If you have any questions about data science, he's very knowledgeable about all these little pitfalls. He has had many presentations about that and you should read his slides. They're very good. There's also a weight column and they all have tooltips. If you don't know what that, what's going on? As you look at the tooltips, the weight column tells you the observation weight. Each event, each row has a weight. If you want, you can provide a column that has that number. Now, I will say go, but first I'll take a different loss function for fun, like a log loss. You can do whichever one you want, but we also have a GPU here so we can enable it or you can disable it. If you click on reproducible, it will just make the experiment be the same every time you run it.

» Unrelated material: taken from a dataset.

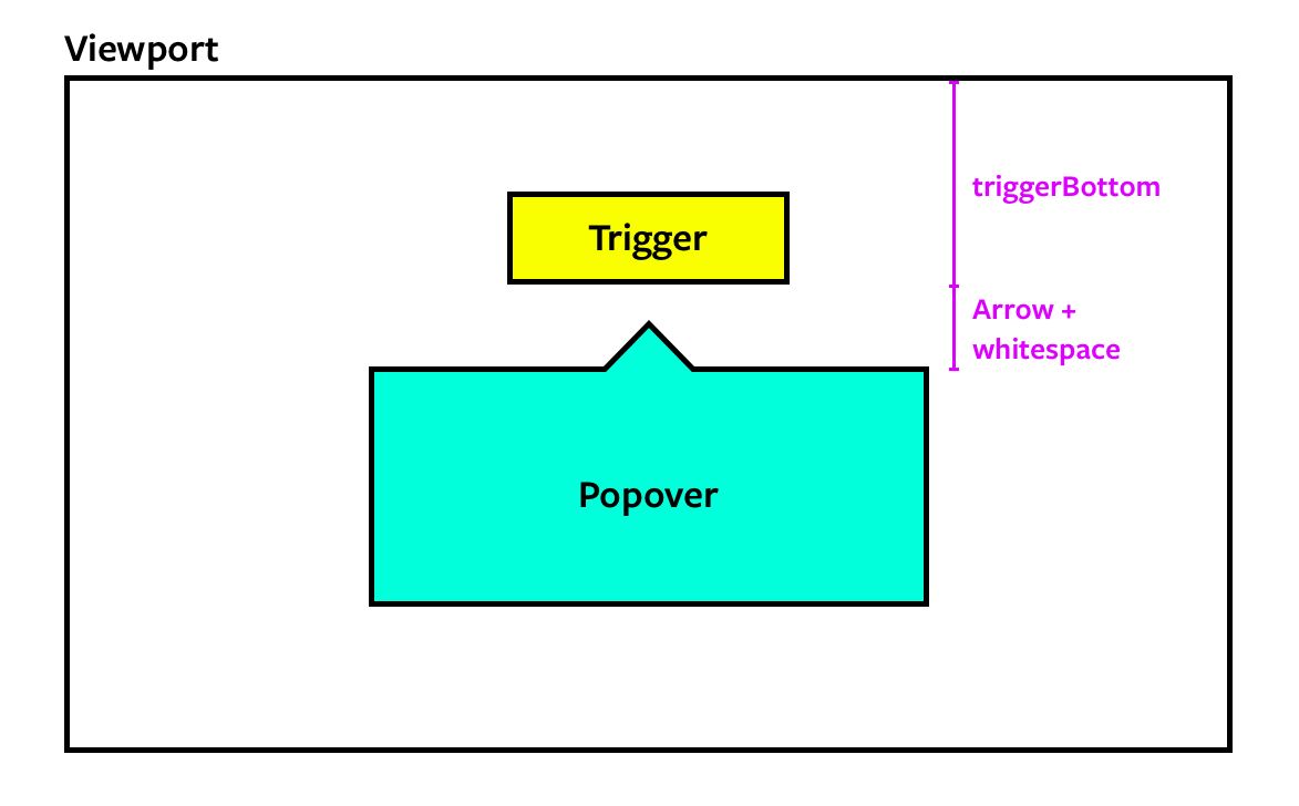 function calculatePopoverPosition(popoverTrigger, popover) { // ... if (position === 'bottom') { return { left: (popoverTriggerRect.left + popoverTriggerRect.right) / 2 - popoverRect.width / 2, top: popoverTriggerRect.bottom + space, } }}

That means if you, if you want to know that it's going to be the same because you have a presentation tomorrow and you want your boss to see what's running live to be good or something you can try that it works with, with reproducible on. Then tomorrow will be exactly the same. If you don't do it, then it'll just be different. Now you'll still get the seed that was used at the experiment, and in the end, you will know which seed it was. If you have a Python script, you can rerun the experiment with that seed. You'll get exactly the same results. But from the gooey, you don't want to type in seeds. We just made it like on or off and this is a classification problem. I could say, no, I want to make a regression problem out of zero one. It's like my age. I want to predict how old I am or something.

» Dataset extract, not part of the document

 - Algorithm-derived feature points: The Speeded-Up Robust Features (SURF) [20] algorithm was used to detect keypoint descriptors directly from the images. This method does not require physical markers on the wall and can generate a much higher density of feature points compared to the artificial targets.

It's not really a yes no, I know better. This is a real age, but it's kind of weird if it's zero one, right? It's binary. I think it's not a classification, it's not a regression problem, it's classification. Everything was auto detected just fine. I'll take the log loss and I will say cool. Now this is running as it's running. You'll see that it does something at the top. It says tuning back end. It did something already and now it's turning zero out of eight, two out of eight parameter tuning model. It's doing some parameter tuning at the beginning. First it figured out the backend, which means it figures out if GPU works or GPU has a problem and it runs on a CPU. Once it knows how to run, it will do some preliminary tuning, which is basically saying figure out how to transform my response.
If it's a regression problem, do I need to do a lock transform or square root transform or something. if it's a classification problem like in this case, it won't have to do that, it can just tune the XGBoost parameters. In this case it will tune different depth, different column samplings, the row sampling rates and so on the standard stuff you would normally tune. It already did that. Now it says it's starting with the feature engineering. It has a good model that it knows the data is reasonably well understood by this model. Now that we have a model, we will keep the model the same. The model parameters don't change except the number of trees we do. We do early stopping. Once it starts overfitting, we stop, we don't fix the number of trees. Even though everything else is fixed, we still let it converge until it's optimal as judged by an out of fault holdout set.

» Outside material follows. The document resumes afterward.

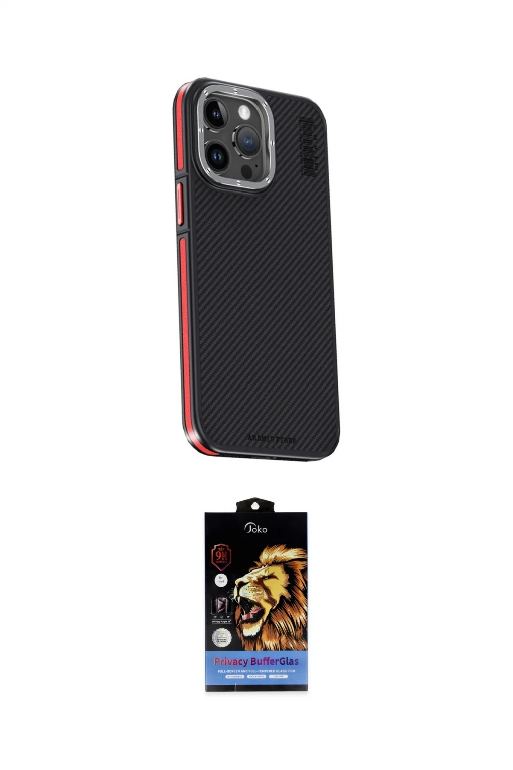 iPhone 15 Pro Max Kılıf Kıvılcım Modern Özel Seri - Siyah Buffer Hayalet Cam Ekran Koruyucu, iPhone 15 Pro Max modeli için kılıf ve ekran koruyucuyu bir araya getiren uyumlu bir settir. Kılıfta Lacivert tonu ile görünümü tamamlar, ekran koruyucu ile günlük kullanımda dengeli koruma sunar. Joko iPhone 15 Pro Max Kılıf Aramid 600D Kevlar Karbon Fiber Magsafe Kapak - Lacivert cihazın gövdesini desteklerken, Joko iPhone 15 Pro Max Buffer Hayalet Cam Ekran Koruyucu - Siyah ekranı çizilme ve darbelere karşı tamamlayıcı koruma sağlar. Tek paketle hem görünümü hem de temel korumayı hızlıca tamamlayabilirsiniz.

It's all fair. We're basically doing early stopping on our tree building and now we're building lots and lots of trees. Each model can have up to a thousand trees or so. We're building hundreds of these models. That's why GPUs are useful. Now this is a very small data set with 20,000 rows. if you're saying, oh, my CPU is actually faster than a GPU, yes, that's because it has to go over the PCI express bus back and forth just to put in 20,000 rows and then run the algorithm in like 10 milliseconds or something. Don't judge this by small data please. You can judge the accuracy, but even that, we don't have a small data recipe yet. If you have a hundred row data set and you say, oh look, this statistically is like my toy case, we might not do that well on that. Although as Lee pointed out the other day, he had two Gaussian blobs and metal dataset is very difficult not to overfit and we did not overfit. We do use reusable holdout and other principles to make sure we're not overfitting. In this case, you'll see now it's running two minutes, 11 points, iterations down the line. Who sees something like this on their screen just to make sure that we are all following here. Okay, great.
More Detail About The Test Model
Now we can tell you a little bit more about what's going on. The top sections are just giving an insight about the progress. But how many models so far? So 41 models and 764 features have been engineered and tested. The left side is the same as what you typed in the beginning. The right side is also what you said in the beginning, except that there are CPU and memory and GPU usage indications on the right there's also a trace. You can click on the little trace button, you'll see basically what's happening. Each green thing is a GPU model. Each gray thing is some kind of method call. You can mouse over and you see what's going on. It's basically some kind of a real time tool that gives you an inside of what's running. The red stuff is featured engineering. Every so often it makes some new features, then it builds a bunch of models and then it does new features, models, features models and so on. This is how to figure out what features are good.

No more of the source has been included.